Although there are more efficient algorithms, the Miller-Rabin primality test is one of the simplest tests to implement.

Brian
+1  A: 

There are two different questions:

1) How to find if a number is a prime number? If you discover an efficient algorithm for this one, you will be famous for the next 2000 years ;)

2) How to find the prime numbers up to a limit N?
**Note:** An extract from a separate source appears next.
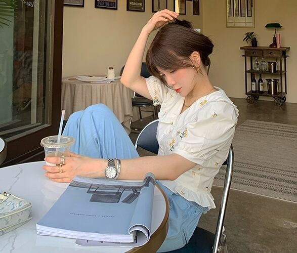 裾にフリルをあしらったデザインが可愛いブラウス。

probably this is what you are asking about. Sieve of Atkin is the most efficient one If your range or limit N is really big number. In reasonable ranges, you could implement an optimized variation of Sieve of Eratosthenes. I found these two sites to be more than useful:

EDIT: @avakar

While I am more than beginner on the subject, I don't think AKS is the waited algorithm! From the same source:

However, some composite numbers also satisfy the equivalence. The proof of correctness for AKS consists of showing that there exists a suitably small r and suitably small set of integers A such that if the equivalence holds for all such a in A then n must be prime.

AraK
There is an efficient (as in polynomial) algorithm: http://en.wikipedia.org/wiki/AKS_primality_test
avakar
-1: There already *are* extremely efficient algorithms for this. Sub-linear, for serial tests.
RBarryYoung
What is described in the "Black Key Sieve" is just a primitive version of a wheeled sieve.
RBarryYoung
(took the -1 back, considering there is some explanation of the differences)
RBarryYoung
AraK, AKS will polynomially and deterministically determine whether an integer is a prime. The two sentences you cited merely point out what must be proven in order for the algorithm to be considered correct. (And the original paper provides the proof.)
avakar
A: 

Take a look at existing libraries e.g. OpenSSL and GNU MP.